*** Opening Material for the task ***

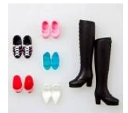
Shoes Set 6-pair set SRP JPY 1,260
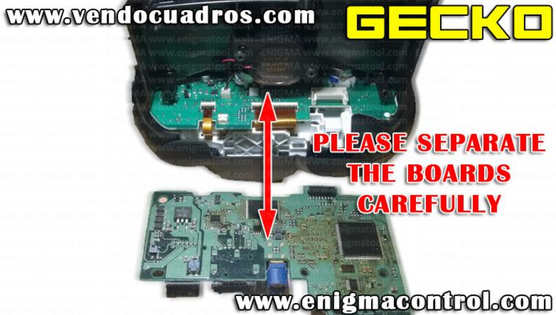
PHOTO5 > GECKO CONNECTION:
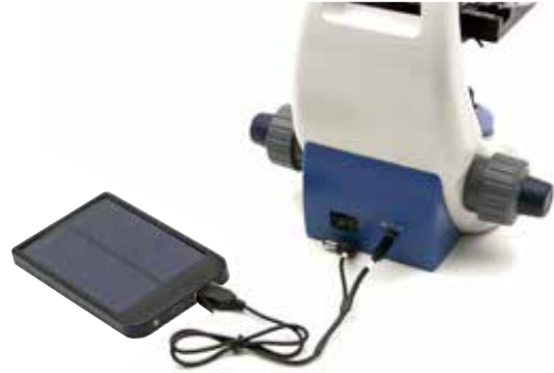
B-192 Powered by solar battery pack (M-069)

Included battery: rechargeable – Lithium-Poly. Capacity: 2600 mAh. Output voltage: 5,5Vdc. Dimensions: 120x73x10 mm. Autonomy: over 6 hours at medium intensity (X-LED 3 ). Charging modes: with solar panel (12h), with external USB power supply (not included) or from PC USB port (5h).
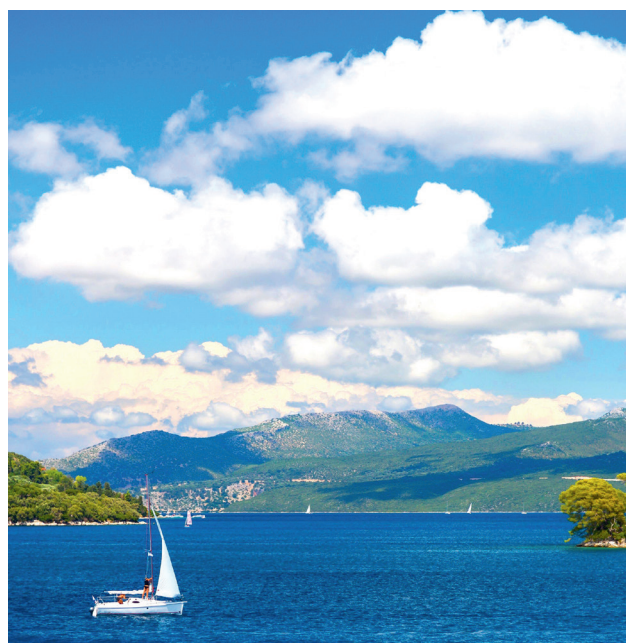
By the harbour of Nidri.

One of the two main ports of the island and located on the southern coast of the island is bustling resort of Vassiliki - a windsurfer's heaven! The town is quite small but very international and often full of bronzed surfers with sun bleached hair. If you want to race across the bay on something a bit more stable, there are dinghy sailing clubs with everything from Mirrors up to Lasers and Hobicats. These often overtake the old ferry as it sails across from Kefalonia! Don't come for the beach alone, the main attraction here is the wind; steady and gentle in the morning and perfect for beginners, it builds up in the afternoon to give the true aficionados a creaming ride across the waves. There is also a wide range of other watersports available such as ringos, banana boats, waterskiing and jet ski from the beach.
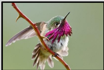
Figure 4 Calliope Hummingbird

The three species of hummingbirds living at Bull River are the adorable calliope (45%), crimson rufous (45%), and charming black-chinned (10%). During the workshop, you shoot numerous images of all three - males and females alike. As the breeding season is happening, all are wearing striking breeding plumage!
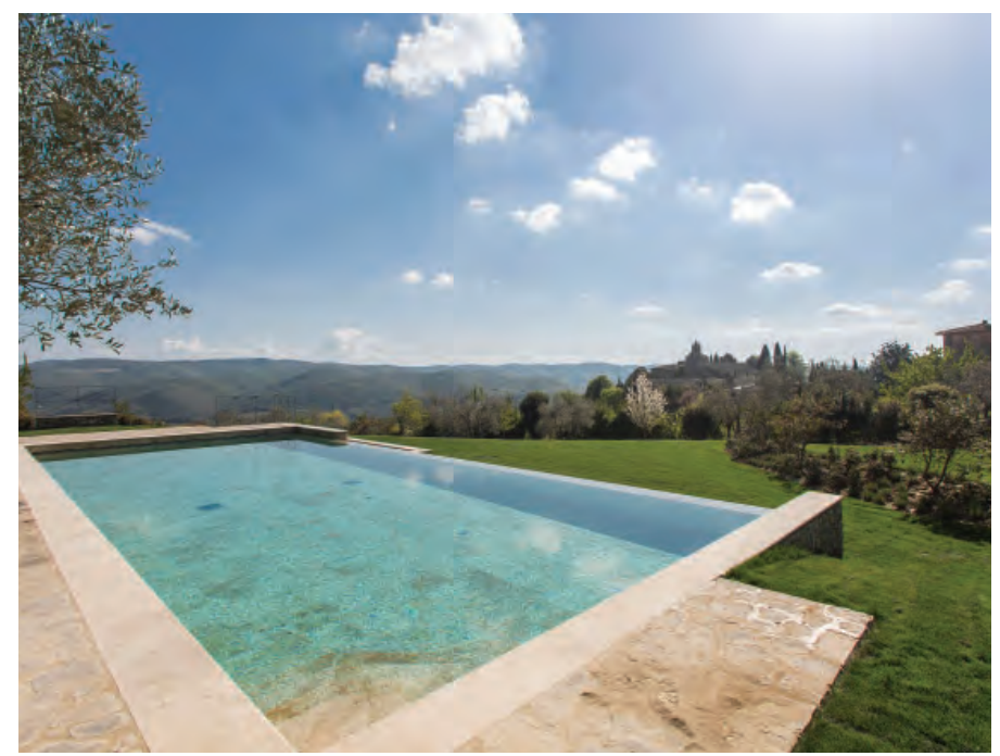
Infinity pool at Villa le Barone

Spend 6 days exploring the Chianti region and the fascinating art cities of Tuscany. Take the opportunity to discover the patchwork vineyards of Montalcino, the spas of Montecatini and Saturnia and the islands of Elba and Giglio. However you choose to spend your time in Tuscany, you will be inspired by the beauty of your surroundings
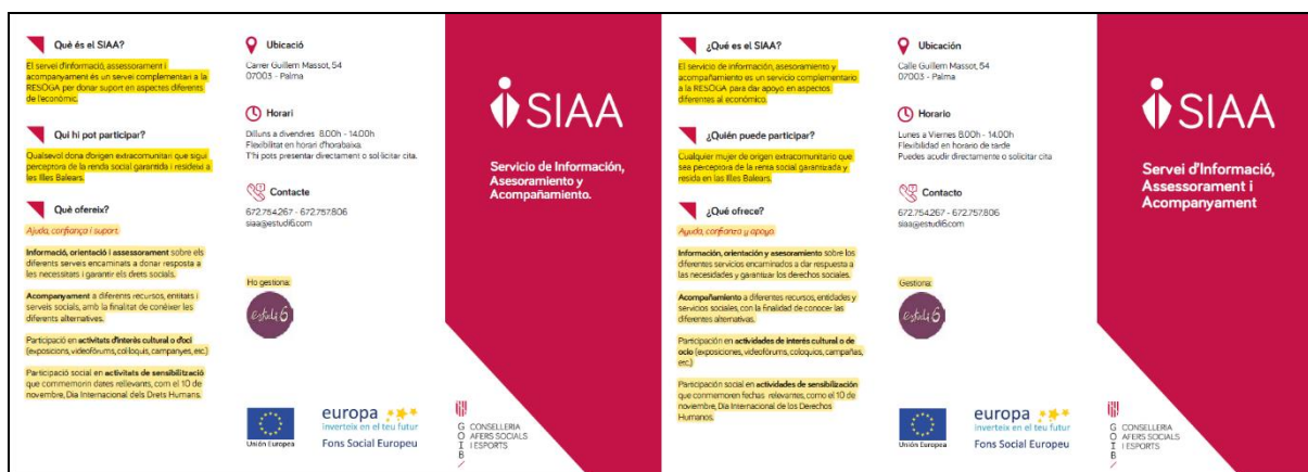
Illustration 2: Leaflet on the SIAA.
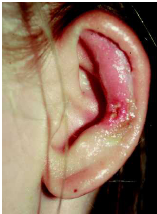
Figure 6: Pressure ulcer in typical position with incipient perichondritic irritation

after the operation and not practise any team sports or other sports that could result in the stitches being ripped out.
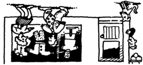
THE COLOUR CLOTHES SHOP
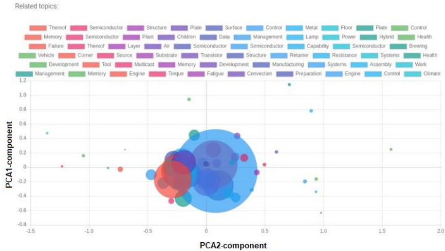
Fig. 3. Different concepts that are semantically close to the current selected concept. The recommendation system is working comparing concepts by 100-dimensional numerical vectors and depicts the closest ones based on PCA analysis.

The idea of physical effects extraction is not new in TRIZ. Thus, there are physical effects databases have been integrated to the majority of digital TRIZ supporting softwares [6], or the one available online without licence required [31]. The research describing the database of the physical effects is also presented in [32]. In our model we integrated the database of physical effects combined in [33]. Besides the effects (207 in total), the physical, electrical, thermal, magnetic, optic and mechanical properties have been extracted (30 in total). The importance of each property term is calculated based on the amount of occurrences in the full text of patent or scientific publication. With the help of this functionality the system allows to perform the physical effect oriented conceptual search and identify relevant concepts automatically. Several machine produced examples of identified concepts are depicted on Table 1.
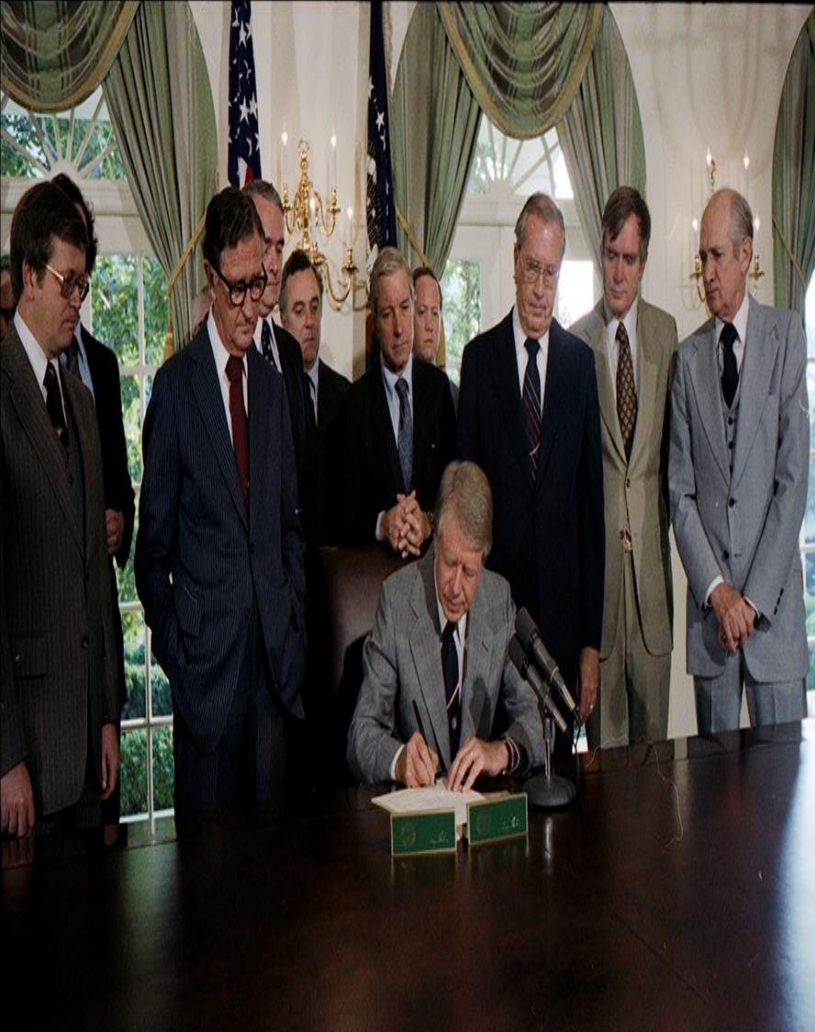
President Jimmy Carter signs the Inspector General Act on October 12, 1978.

*** Closing Material for the task ***

Among the entries above, find the line with "Included battery: rechargeable" and repeat exactly from there through the line with "Figure 4 Calliope Hummingbird", leaving out the pictures.

Included battery: rechargeable – Lithium-Poly. Capacity: 2600 mAh. Output voltage: 5,5Vdc. Dimensions: 120x73x10 mm. Autonomy: over 6 hours at medium intensity (X-LED 3 ). Charging modes: with solar panel (12h), with external USB power supply (not included) or from PC USB port (5h).
By the harbour of Nidri.

One of the two main ports of the island and located on the southern coast of the island is bustling resort of Vassiliki - a windsurfer's heaven! The town is quite small but very international and often full of bronzed surfers with sun bleached hair. If you want to race across the bay on something a bit more stable, there are dinghy sailing clubs with everything from Mirrors up to Lasers and Hobicats. These often overtake the old ferry as it sails across from Kefalonia! Don't come for the beach alone, the main attraction here is the wind; steady and gentle in the morning and perfect for beginners, it builds up in the afternoon to give the true aficionados a creaming ride across the waves. There is also a wide range of other watersports available such as ringos, banana boats, waterskiing and jet ski from the beach.
Figure 4 Calliope Hummingbird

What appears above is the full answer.